İşin bir komik tarafı da şu: X şirketi lojistik ile ilgili bir sorunu varsa gidip lojistik sektördünden birini getirip çözmesini istiyor. O kişi sorunu çözse, sektörü düzeltirdi zaten. O kadar tutucu insanlardan oluşan bir iş dünyasına sahibiz ki, yarabandı çözümlerden öteye gidebilme cesareti olan kurumsal insan sayısı bir elin parmakları.
Öyleyse, Önerim Ne?
Önerim bu aşamada kariyer yapma çabasında olanlara.
Eğer okuyacaksanız ve kariyer sahibi olmak istiyorsanız, o zaman cesaretli olun. Bir iş yapacaksanız, o işi iyileştirmek ve sorunlara kalıcı çözümler getirmek için uğraş verin ve gerekirse savaş verin.
Türkler, cesaretli ve inandığının arkasından giden insanları pek sevmezler, o yüzden de kendi yeteneksizlikleri ortaya çıkmasın diye sizi her daim dışlama ve sistemden atma çabasına gireceklerdir. Dik urmayı öğrenmelisiniz.

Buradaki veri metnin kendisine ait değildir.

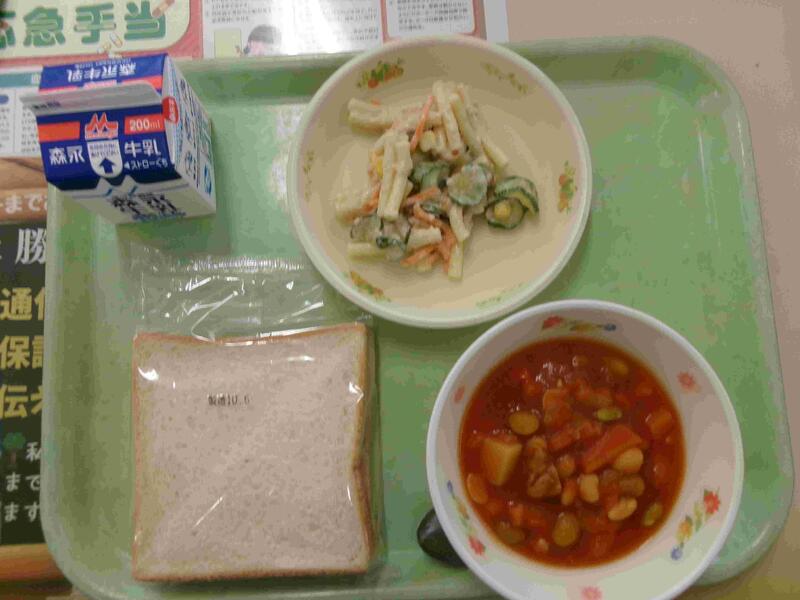 今日の給食:セルフサンドイッチ、ポークビーンズ、マカロニサラダ、みかん果汁、牛乳

Dik durmak, patavatsız olmak ya da küstah olmak değildir. Dik durmak, cesaretli bir şekilde hareket etmek ve pozisyon atlamak amacıyla birilerinin kölesi olmamak ve etrafınızı ezmemek demektir.
Ülkede yeterli rol model yok. Kurumsal iş dünyası son 30 yıldır birbirinin kopyası insanlar üretti. Başarılı olmak için tek tip kişilik ve davranışı mecbur kıldı. Bu nedenle de kariyerinde kırılan tonlarca insan var.
Gelişmek, okumak güzel şey. Ama sadece bilmek yetmiyor. Bildiğinizi uygulamaya geçirmek için çabalamak lazım. Başkalarını sizin bilmedikleriniz için aşağılamaktansa, onlara kendi bildiğinizi aktarmak ve onlardan da bilmediklerinizi öğrenmek esastır.
Dünya değerler ve ahlak yoksunu iş insanlarının elinde mahvoluyor. Hoşunuza gitmiyorsa, bu karakter erezyonuna uğramış insanları örnek almayın. Onların başarılarına özenmeyin. Onları el üstünde tutmayın.
Nasıl bir dünyada yaşamak istiyorsanız, o değerlerin çoğalması için uğraş verin. İyilik, doğruluk ve umut kazansın.